J. H. TUBMAN, Appellant, vs. WESTPHAL, STAVENOW & CO., Appellees.

[January Term, A. D. 1900.]

Appeal from the Court of Quarter Sessions and Common Pleas. Maryland County.

Injunction.

Landlord and tenant.

An action for the violation of contract is the proper action to bring against a tenant who has made default in the payment of rent; ejectment will not lie and if brought may be enjoined.

In an action of ejectment brought by the landlord against his tenant for the violation of the covenants and agreements of the lease, in which he sought to eject the lessee, it was held that an action for the violation of contract was the proper action, and an injunction on the ejectment suit was sustained.

This case was tried and determined in the Court of Quarter Sessions and Common Pleas, Maryland County, sitting in equity, at its November term, A. D. 1899. It is brought up to this court upon a bill of exceptions by the appellant, for review and final disposition. The record in the case is most voluminous, and therefore most fatiguing and distressing to review, but the court, after a careful and most laborious reading, has deducted the following summary as the gist of the case, which it will here give before concluding.

It appears that in the year A. D. 1897, J. H. Tubman, appellant, leased by agreement certain premises in the County of Maryland, City of Harper, to Westphal, Stavenow & Co., a German mercantile house doing mercantile business in the said county, for a term of ten years, to end A. D. 1907, for the consideration of three hundred dollars available money per year. It also appears that appellant opened an account business with appellees to a large amount, and was then indebted to appellees in the sum of twenty-five hundred dollars.
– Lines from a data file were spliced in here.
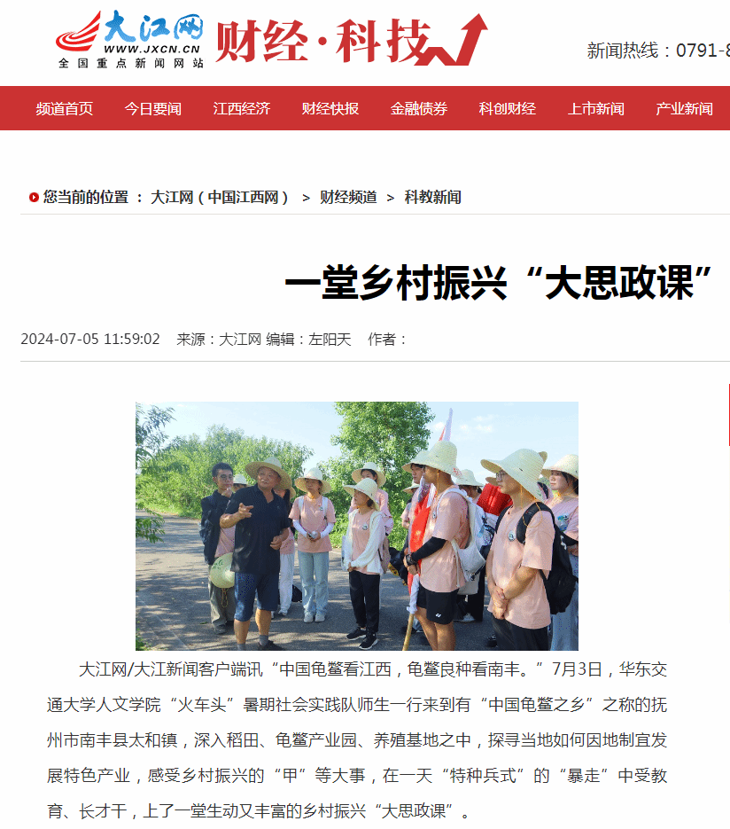 “中國龜鱉看江西,龜鱉良種看南豐?!?月3日,華東交通大學人文學院“火車頭”暑期社會實踐隊師生一行來到有“中國龜鱉之鄉”之稱的撫州市南豐縣太和鎮,深入稻田、龜鱉產業園、養殖基地之中,探尋當地如何因地制宜發展特色產業,感受鄉村振興的“甲”等大事,在一天“特種兵式”的“暴走”中受教育、長才干,上了一堂生動又豐富的鄉村振興“大思政課”。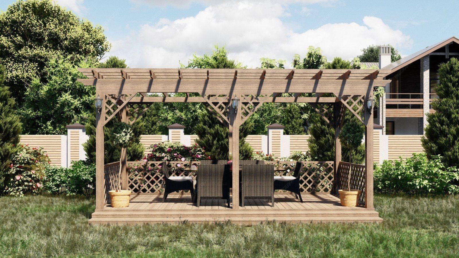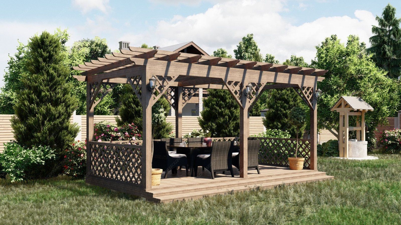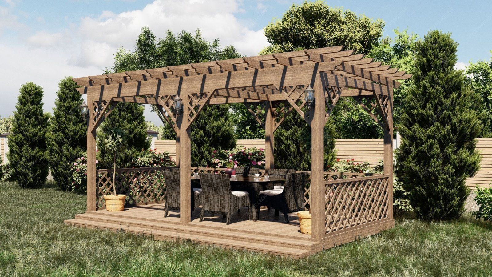Деревянная пергола придаст вашему садовому участку теплую и уютную атмосферу.Также пергола может служить опорой для плетущихся растений - только представьте, как приятно находиться в окружении цветущего клематиса или пышных роз! Дополнительные элементы, такие как встроенное освещение, декоративные решетки, качели или скамейки, могут усилить визуальный эффект и создать еще более комфортное пространство. А если в конструкцию перголы добавить подиум, то он может служить местом для расслабления или стать сценой для семейных мероприятий.
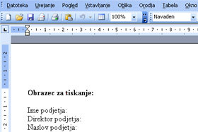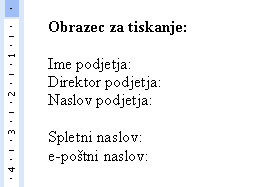 Jaz sem si izmislil obrazec za izpolnitev podatkov o podjetju, ki so namenjeni za tiskanje. Podjetja predloge uporaljajo tudi največkrat z "nogo" in "glavo" podjetja. |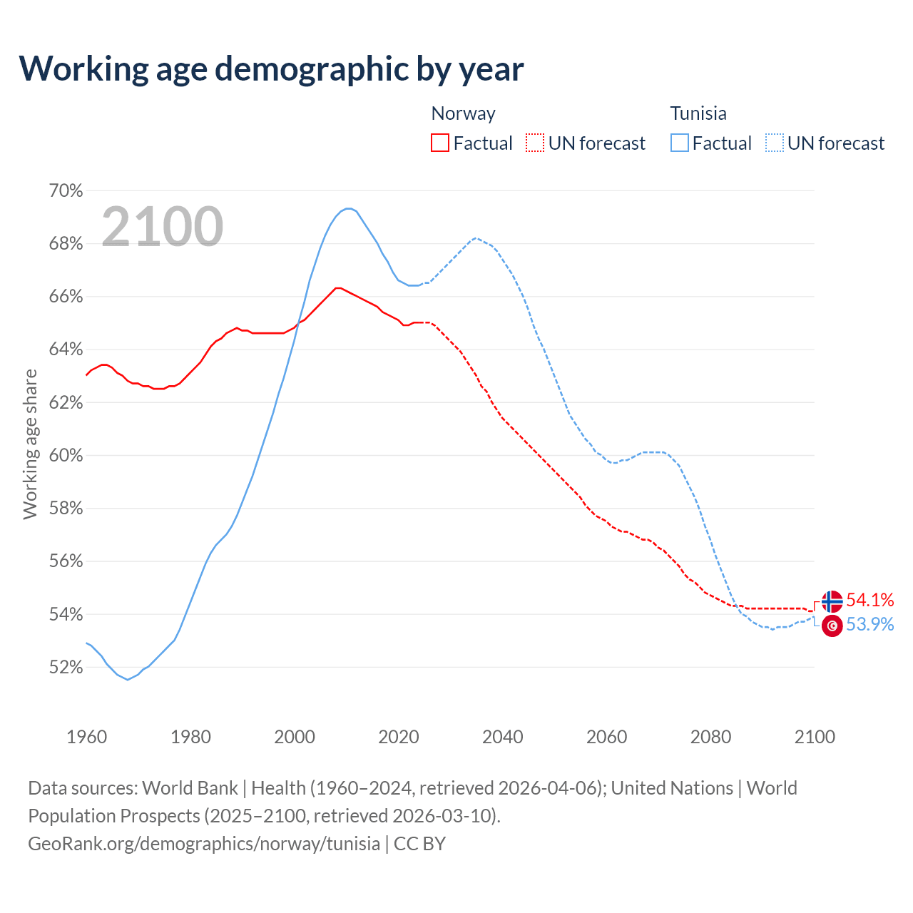 - Norway has 3.69M working age adults (aged 15-64) vs 8.26M in Tunisia.

Appellant applied to appellees for his lease money (three hundred dollars), when appellees informed him that they had placed the sum of three hundred dollars to his credit on their books. To this arrangement appellant dissented, and at once gave notice to appellees to vacate the said premises in question within fifteen days, or he, the appellant, would eject them by law. Appellees, to prevent the ejectment, sued out a writ of injunction against appellant, and in the meantime deposited in the custody of the court three hundred dollars, one year’s lease money, and prayed the court to compel appellant to take the said sum of money, which appellant refused to do, alleging that appellees had violated the conditions of the agreement.

The injunction was tried by the court below, sitting in equity, and judgment was rendered in favor of appellees, perpetuating the injunction. To this judgment appellant took exceptions and appealed to the Supreme Court.
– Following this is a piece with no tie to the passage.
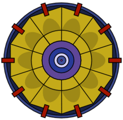 In lectures in 1948 and 1949, von Neumann proposed a kinematic self-reproducing automaton.[285][286] By 1952, he was treating the problem more abstractly. He designed an elaborate 2D cellular automaton that would automatically make a copy of its initial configuration of cells.[287] The Von Neumann universal constructor based on the von Neumann cellular automaton was fleshed out in his posthumous Theory of Self Reproducing Automata.[288] The von Neumann neighborhood, in which each cell in a two-dimensional grid has the four orthogonally adjacent grid cells as neighbors, continues to be used for other cellular automata.[289]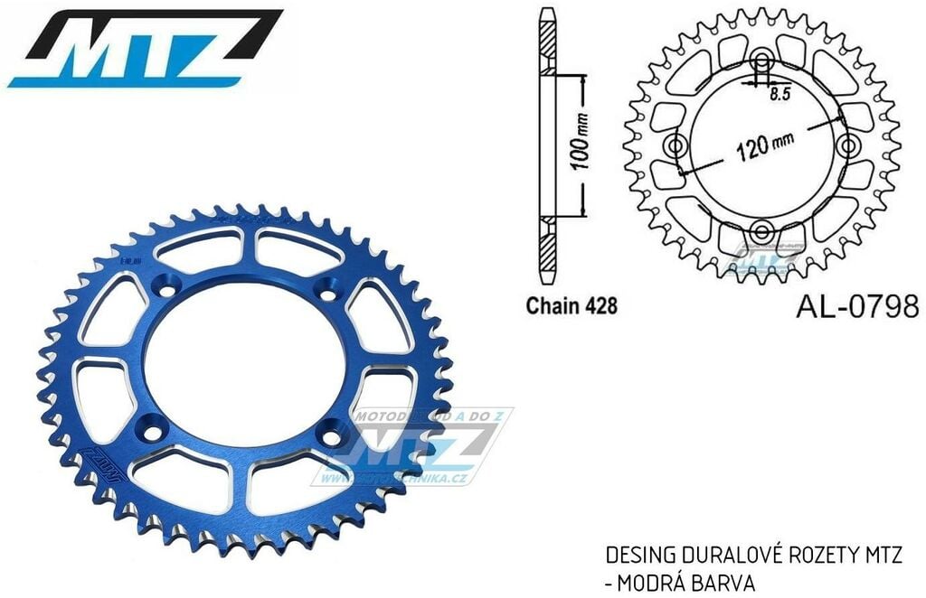 Rozeta řetězová (převodník) Dural 0798-48zubů MTZ modrá - Suzuki RM80 / 83-01 + RM85 / 02-20 + Yamaha YZ80 / 93-01 + YZ85 / 02-20 + Beta RR125 / 06-12 AL-0798-48-E3

After a careful survey of the circumstances in connection with the case, this court says that appellant was wrong to order appellees to vacate the said premises and to give them notice that he would eject them if they failed to comply with the order to vacate said premises within fifteen days; for if appellees had violated the terms of the agreement he, appellant, should have entered an action against appellees for breach of contract. Appellant neglected to enter such an action, which he had a legal right to enter if proof was manifest that the appellees had violated the terms of the agreement; but instead, he took an unjustifiable course. Therefore this court says that to secure themselves against unlawful ejectment appellees were justified in enjoining appellant.
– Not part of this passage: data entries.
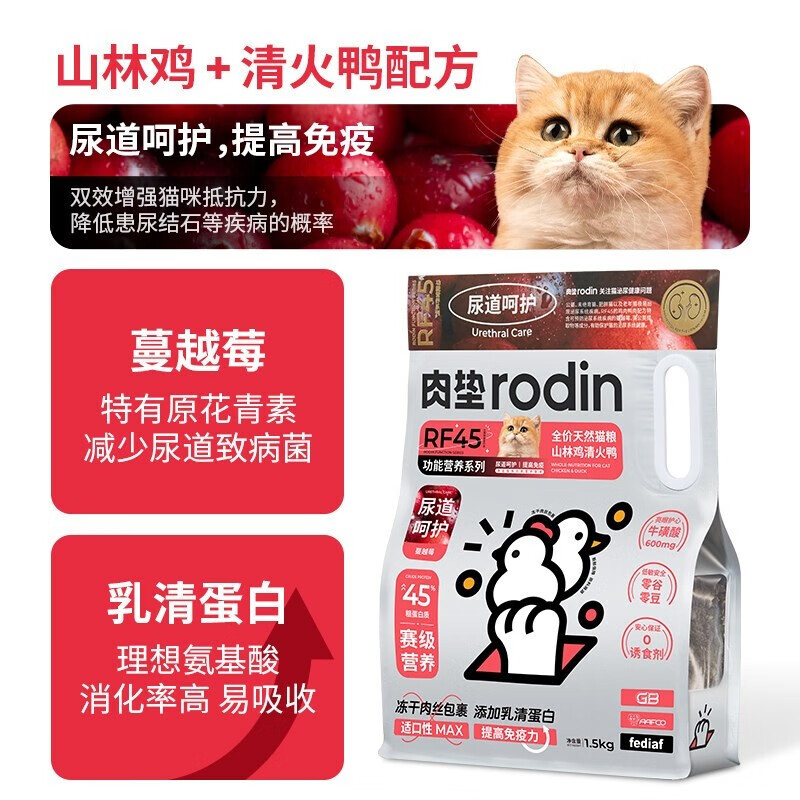 肉垫 猫粮成猫幼猫鲜肉猫粮全价功能营养无谷低敏防软便增肥 【软便克星】茶花鸡配方1.5kg 1.5kg*1袋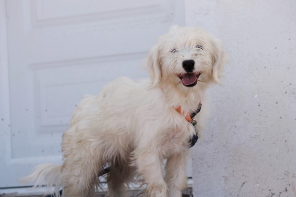 Pflegestelle auf Santorini. Sie ist eine bildschöne wuschlige Welpin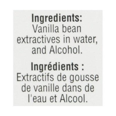 INGREDIENTS: Pure Vanilla Extract [Water, Alcohol (35%), Extractive of Madagascar Bourbon Vanilla Beans], Glucose Syrup.

Reviewing all the circumstances that govern the case, this court further says that the court below did not err in rendering judgment to perpetuate the injunction; for it is equitable and just that men should do unto others as they would have others do unto them. The perpetuating of the injunction simply enjoins appellant from further molesting appellees by unlawful ejectment in this particular case, and does not vitiate and make void the terms of the agreement made and subscribed to by the contracting parties. And the court further says that it is unwilling, as the last legal and equitable resort for justice, to lay a precedent on account of technicalities that will prevent all men from enjoying their full rights under the law of the land, be they Liberians or foreigners. The court knows no north, no south ; no rich, no poor ; no Liberian, no foreigner; and it can guarantee no rights or privileges other than what the Constitution and the laws of the land guarantee to each. Its motto is, “Let justice be done to all men.” And the court will not lend its aid to men who seek to take advantage of others by evading a righteous and equitable course of conduct, however adroitly they may endeavor to cover their intentions, for equity is righteousness.

The court therefore affirms the judgment of the court below and adjudges that appellant shall pay all legal costs in this action. The clerk is hereby ordered to issue a mandate to the judge of the court from which this action emanated, to the effect of this judgment.